Have you ever eaten home made english muffins?

Most of us have not!

and why is that? because you find them packed in the supermarket, knowing they are good enough.

But if an industrial english muffin taste great, imagine these ones hand kneaded  and baked at home. It’s so rewarding to see a recipe come out to look and taste like the real thing.

They have the perfect size just to eat enough or to become a glutton and eat them all!!

butter, honey,  jam, some cheese, eggs, vegetables…anything goes with these fluffy friends that Hestia just love to bake!

Originally eaten by the “downstairs” servants in England’s Victorian society, the English muffin surfaced and rose to prominence in Great Britain when members of all classes of society became aware of its goodness. The family baker made English muffins from leftover bread and biscuit dough scraps and mashed potatoes. He fried the batter on a hot griddle, creating light, crusty muffins for the servants. Once members of the “upstairs” family tasted these rich muffins, they began to request them for themselves – especially during teatime.

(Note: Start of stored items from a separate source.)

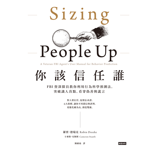 他把自己多年累積的信任判讀術,整理成六大指標,讓我們可以從對方的言語、肢體動作,以及當下的形勢,正確預測任何人未來的行為模式。即使你不喜歡對方,仍可予以信任,進而創造互信互惠的盟友情誼。
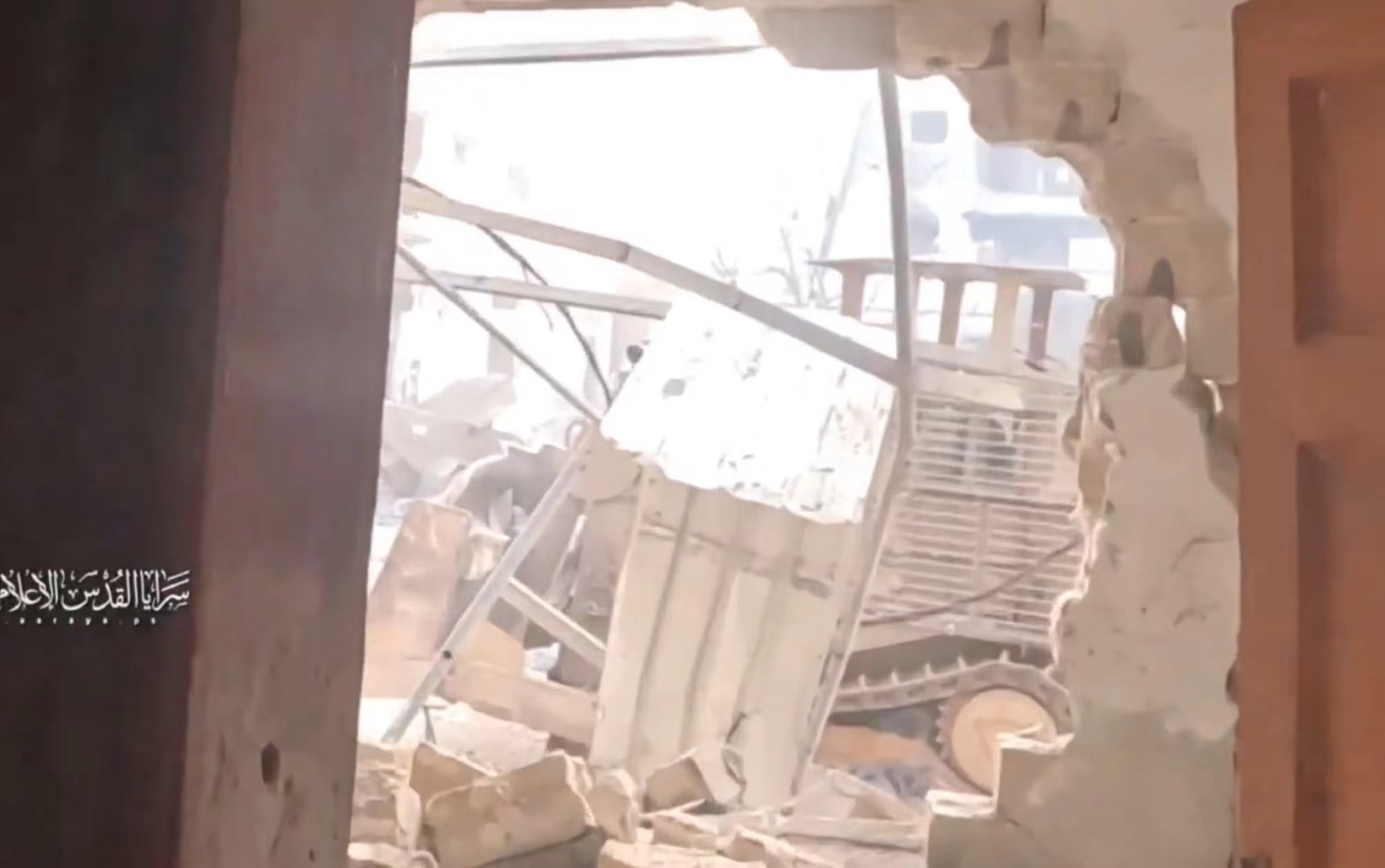 画面中的领头的车辆似乎觉察到了某种危险,竟然把车停了下来,这就给了哈马斯战斗人员轻松瞄准射击的机会,一发亚辛弹,坦克铁皮给掀飞了。
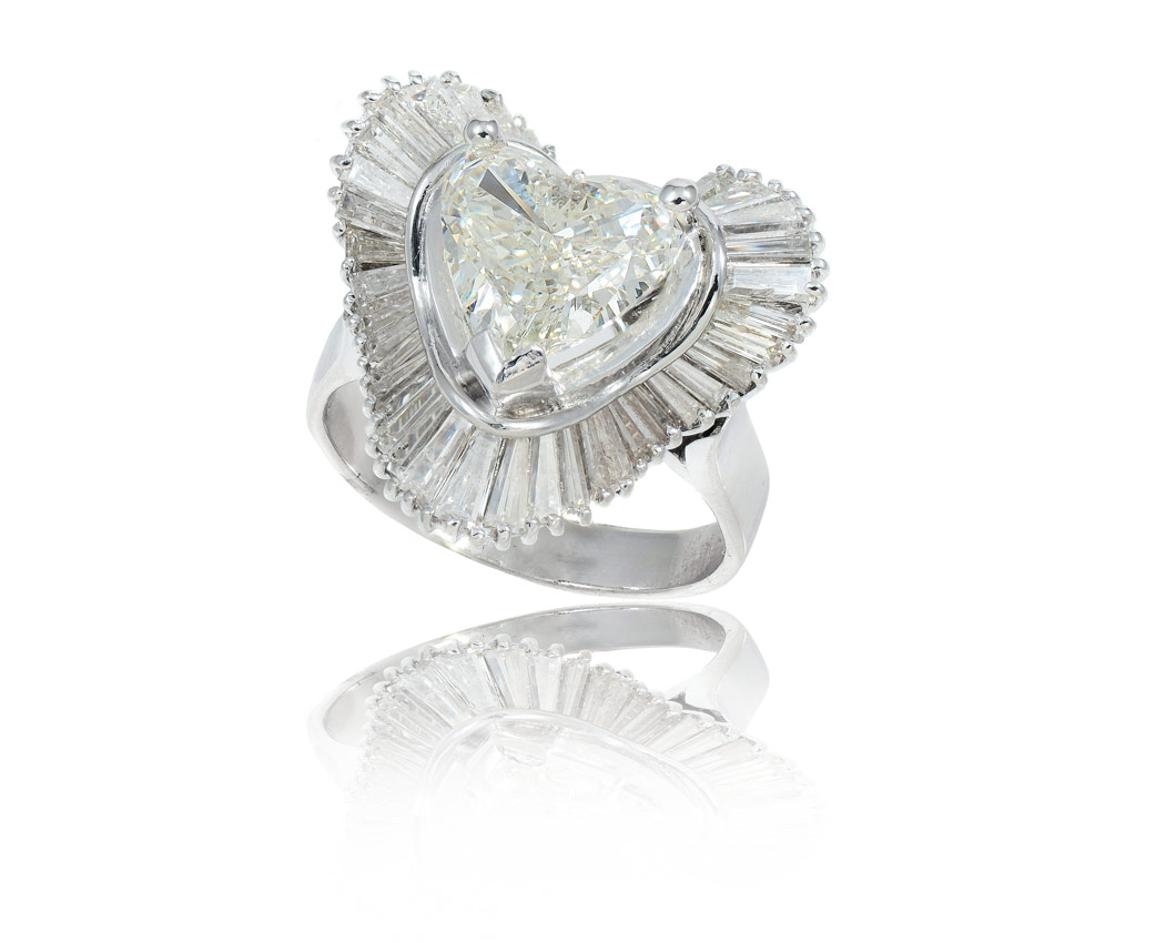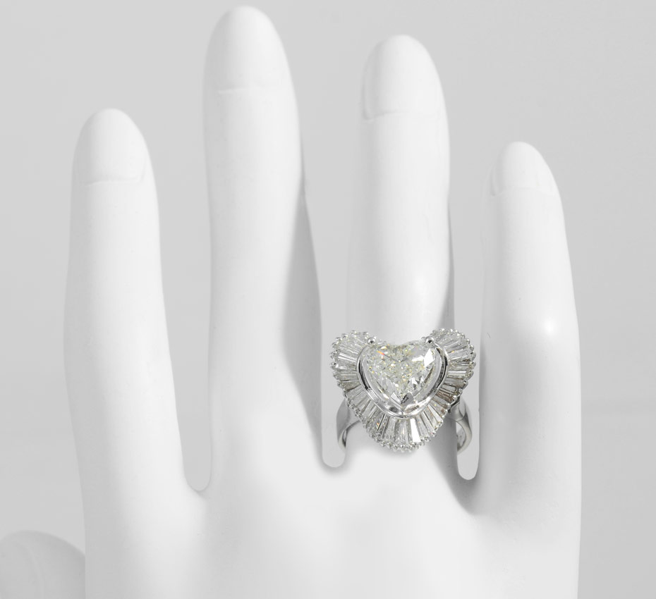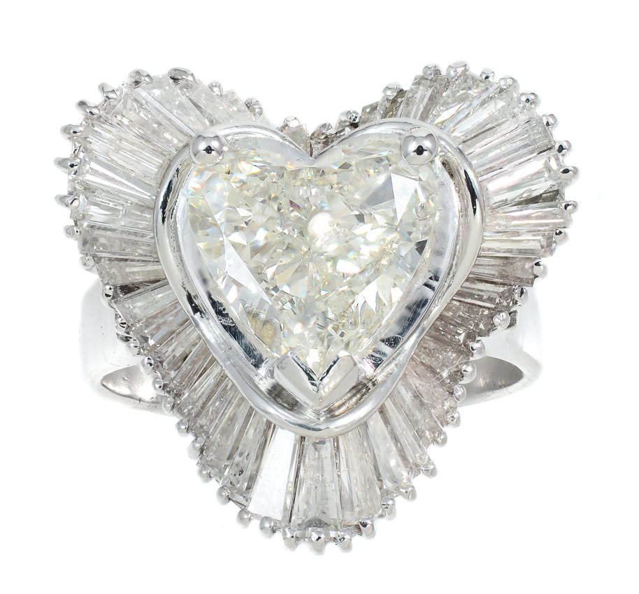1.97 CT CENTER HEART SHAPED DIAMOND: 14K white gold ring centers an approx. 1.97 Ct. heart brilliant diamond of VS1 clarity and K color. Framed by a wave of 41 baguette cut diamonds totaling approx. 1.25 Ct., averaging SI in clarity and H-I color. Center is prong set, baguettes half channel and prong set. Size 5.75. Weight 5.9 grams. A current Florida Diamond Appraisers GIA graduates appraisal for $13,375. is available.

As a result of the English muffin becoming the “most fancied” bread on the isle, English muffin factories sprang up all over England. Muffin men could be heard in the streets selling their muffins from wooden trays slung around their necks. For teatime in private homes and clubs, the English muffins would be split and toasted over an open fire and served in a covered sterling dish alongside tea. The popularity of the English muffin reached its zenith in Great Britain during the years preceding World War I.